Solar energy has the potential to totally destroy our reliance on fossil fuels, so why aren’t we all running on power from the sun? Solar panels aren’t as bulky and obnoxious as they once were, but they’re still not exactly small. You can stick some on a roof without issue, but its jet black appearance remains off-putting. That could all change thanks to a new breakthrough in solar technology resulting in completely transparent solar material that could turn your windows into power-generating panels.

This incredible new material was developed by researchers at Michigan State University, led by associate professor Richard Lunt, and it could dramatically change the way we think of solar energy, and could even be used on devices like smartphones to provide a constant flow of power whenever the sun is shining.

The see-through solar material is made possible thanks to molecules developed by the MSU researchers which absorb invisible wavelengths of light, allowing visible light to pass through while still generating power via near-infrared and ultraviolet.

“Highly transparent solar cells represent the wave of the future for new solar applications,” Lunt explains. “We analyzed their potential and show that by harvesting only invisible light, these devices can provide a similar electricity-generation potential as rooftop solar while providing additional functionality to enhance the efficiency of buildings, automobiles and mobile electronics.”

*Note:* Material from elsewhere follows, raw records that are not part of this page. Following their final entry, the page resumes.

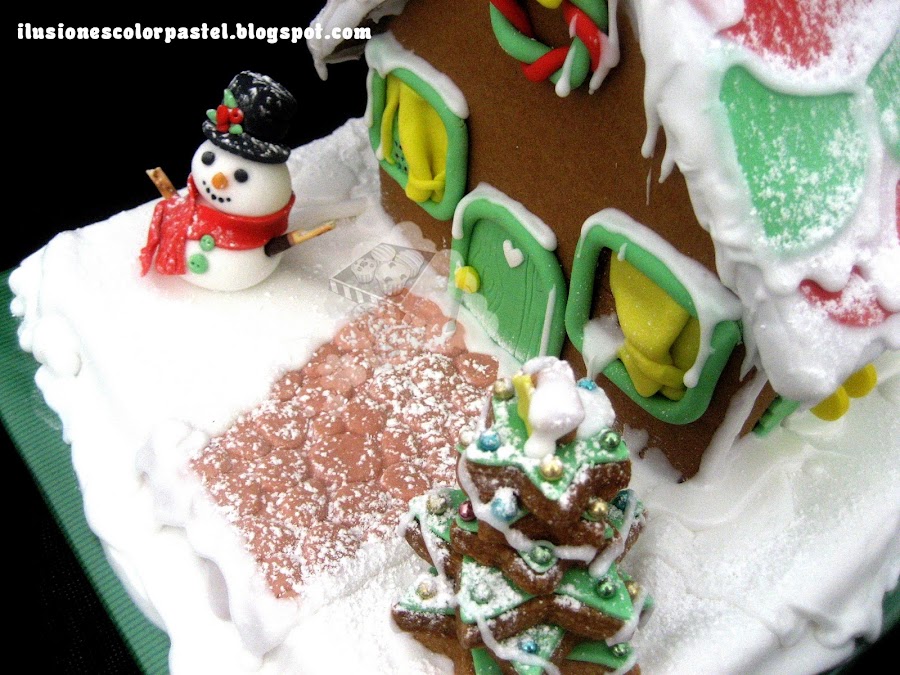 3. Ahora la parte divertida. Cubrimos el tejado con fondant o caramelos y construimos la puerta, ventanas, arbolitos... todo cuanto queramos!! Con el resto de la glasa simularemos la nieve, para ello echar un poco sobre el contorno de las tejas, ventanas, cornisas... si la glasa no desliza añadir una cucharadita de agua para que quede más líquida y rellenar en una manga pastelera desechable nueva.
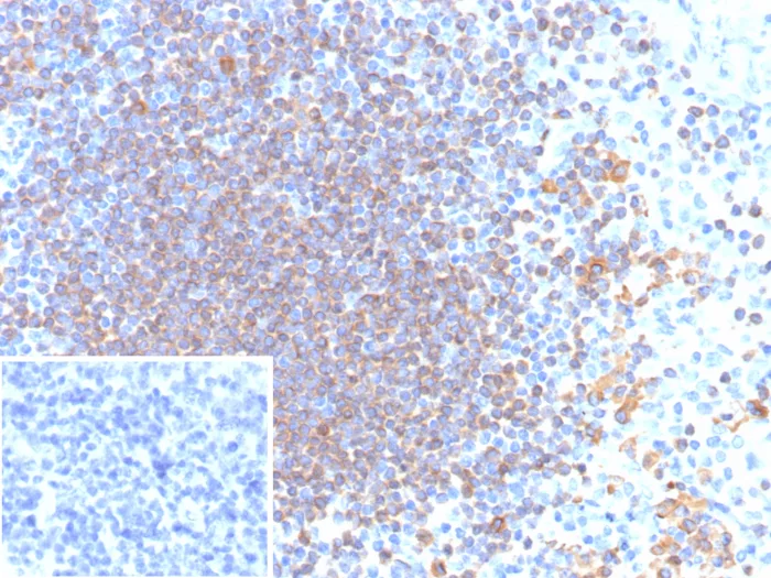 A disulphide-linked heterodimer, consisting of mb-1 (or CD79a) and B29 (or CD79b) polypeptides, is non-covalently associated with membrane-bound immunoglobulins on B cells. This complex of mb-1 and B29 polypeptides and immunoglobulin constitute the B cell Ag receptor. CD79a first appears at pre B cell stage, early in maturation, and persists until the plasma cell stage where it is found as an intracellular component. CD79a is found in the majority of acute leukemias of precursor B cell type, in B cell lines, B cell lymphomas, and in some myelomas. It is not present in myeloid or T cell lines. Anti-CD79a is generally used to complement anti-CD20 especially for mature B-cell lymphomas after treatment with Rituximab (anti-CD20). This antibody will stain many of the same lymphomas as anti-CD20, but also is more likely to stain B-lymphoblastic lymphoma/leukemia than is anti-CD20. Anti-CD79a also stains more cases of plasma cell myeloma and occasionally some types of endothelial cells as well.
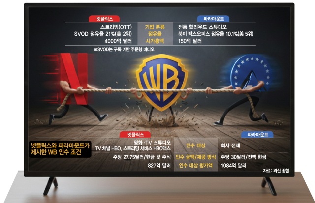 파라마운트가 매긴 워너브러더스의 기업가치(부채 포함)는 총 1084억 달러(약 159조 5600억 원)로 역시 넷플릭스가 매긴 기업가치(827억 달러)보다 높다. 또 영화·TV 스튜디오, TV 채널(HBO), 스트리밍 서비스(HBO 맥스) 등 사업 일부만 인수하기로 한 넷플릭스와 달리 파라마운트는 워너브러더스를 통째로 사들인다는 입장이다.

The potential applications for see-through solar material are staggering to think about. Electric cars with transparent panels on their windows and roofs, mobile gadgets, and even airplanes could potentially utilize this technology to generate power passively without even being noticed. Lunt and his team estimate there is as much as 7 billion square meters of glass surface in the United States alone, and if they can capture even a fraction of the sunlight passing through it, it would go a long way to reducing fossil fuel consumption.

There is still plenty of work to be done, however, before this technology is ready for the mainstream. The researchers say the transparent material is only generating about one-third of the energy it potentially could, and it’s important to maximize its power before it becomes a viable power solution.